-- ACTION ITEM --
Pictures excluded, set down exactly the lines from the one containing "It features generously" through the final line of the material, and only those.

-- SUPPLIED MATERIAL --
"""

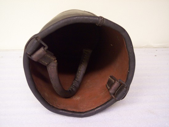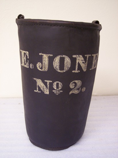 Leather fire bucket, painted black. Handle attached to top of bucket with round metal rings. Painted on side of bucket in white block lettering "E. JONES No. 2"
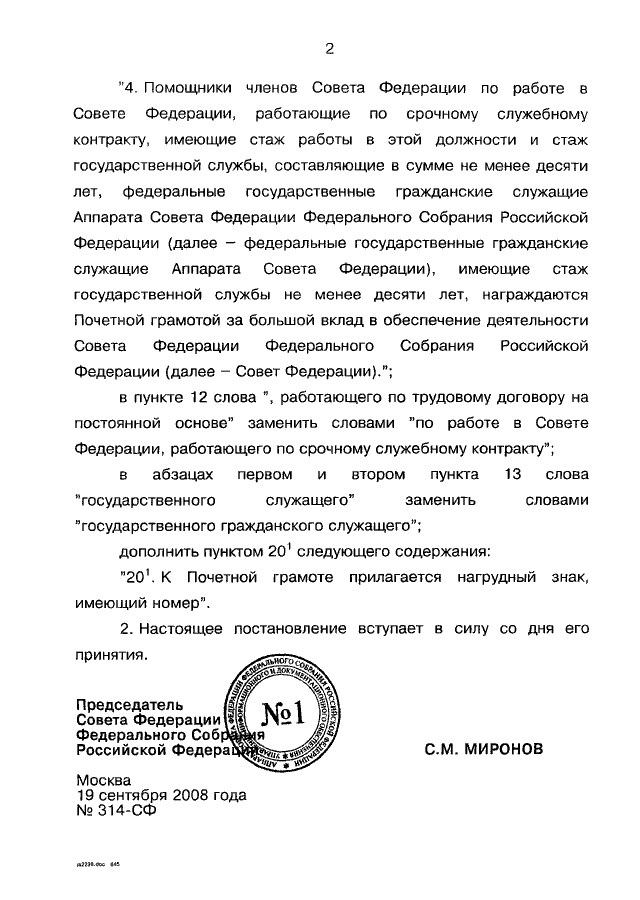 ПОСТАНОВЛЕНИЕ СФ ФС РФ от 19.09.2008 N 314-СФ
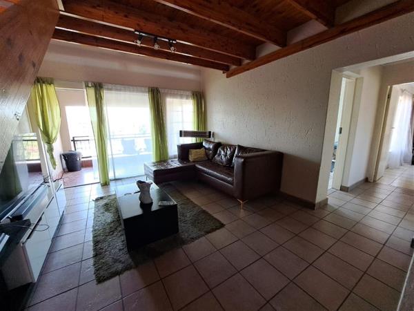 It features generously sized tiled bedrooms with built-in wardrobes, one full bathroom with both a bathtub and shower, and a loft-style third bedroom that can also be used as a second lounge.
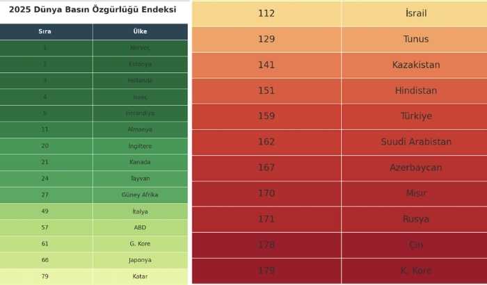 Dünya Basın Özgürlüğü Endeksi 2025:

"""

-- EXERCISE ANSWER --
 It features generously sized tiled bedrooms with built-in wardrobes, one full bathroom with both a bathtub and shower, and a loft-style third bedroom that can also be used as a second lounge.
 Dünya Basın Özgürlüğü Endeksi 2025:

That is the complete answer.